Как вы перешли к роли композитора?

Гарри ясно дал мне понять, что он не против, если я буду использовать студию, когда его там нет. Это было, я думаю, во время работы над фильмом Тони Скотта, который назывался «Фанат». Он работал над ним с Хансом. И там была одна сцена, и когда он однажды ушел, я сказал: «Можно я попробую?» Не знаю, что точно побудило меня сделать это, но я сказал, что собираюсь просто повозиться с этой сценой. И я написал к ней музыкальное оформление. Не помню, что я сделал. Возможно, это было ужасно.

Но на следующий день я все еще возился с ней. Гарри еще не приехал, и один из работников студии проходил мимо и спросил: «О, это что?» «О, я просто здесь болтаюсь». И я сыграл ему, и он сказал: «Это довольно неплохо». И Гарри тоже высказал свое мнение. Он послушал и сказал: «О, это хорошо». И он показал мне некоторые вещи. И вскоре после этого он попросил меня написать музыку для сцены по-настоящему. Это было не именно для этого фильма, но я думаю, она предназначалась для следующего его проекта. Все началось с маленького отрывка. Потом я продолжил работать, когда он ушел, так что у меня не было никакой жизни. Я работал с ним целый день, а когда он уезжал, я работал всю ночь. А потом я возвращался на свою дневную работу. И было действительно полезно по утрам получать его отзывы на то, что я сделал ночью. Это был великолепный опыт, я многому научился. Основным эмоциям, которые ты должен чувствовать или нет. Это обучение включало в себя много всего.
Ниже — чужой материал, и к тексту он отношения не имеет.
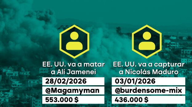 Entre algunos de los ejemplos más llamativos recogidos por laSexta, puesto que son cientos los casos que se han encontrado, está el ocurrido el 28 de febrero de 2026. Fue entonces cuando un único usuario llamado MAGA My Man apuesta en un servidor online a que EEUU iba a asesinar al ayatolá Ali Jamenei y horas después así sucede, llevándole a ganar más de medio millón de dólares. Otro caso es el del 3 de enero de 2026, cuando otro jugador gana 436.000 dólares tras apostar a que EEUU iba a capturar a Nicolás Maduro.

Я реально ценю наставничество Гарри. И Гарри хорошо отзывался обо мне перед Хансом. Когда я начал больше писать для Гарри, они много разговаривали, и Гарри сказал: «Да, этот парень хорош». И в итоге Ханс начал просить меня писать музыку к сценам для его проектов. Это было как снежный ком. Сейчас все размылось. Я даже с трудом вспоминаю это. Я просто знаю, что мне это очень сильно нравилось. Я так замечательно проводил время и не покидал это здание многие годы. Я просто находился там все время. И, я думаю, это в результате окупилось. Я многому научился, и передо мной открылось множество возможностей просто потому, что я находился рядом с этими людьми. Смотрел, как они общались с самыми высокопоставленными людьми в этом бизнесе. Джерри Брукхаймер (продюсер высокобюджетных фильмов Paramount Pictures – прим. пер.) приходил и садился, и Ханс играл для него музыку к сценам. И выслушивал его замечания. Это крупная составляющая работы. Очевидно, что вы можете целый день сидеть и писать музыку, и считать ее великолепной. Но если создателям фильма она не нравится, то можно сохранить ее для издания собственного CD когда-нибудь. Но вы делаете это, чтобы служить фильму. Вы делаете это не для того, чтобы просто написать музыку. Вы делаете так, чтобы фильм получился настолько хорошим, насколько возможно, или чтобы помочь создателям фильма достичь той цели, которую они перед собой поставили, просто с эмоциональной стороны. Ханс и Гарри были действительно великими учителями.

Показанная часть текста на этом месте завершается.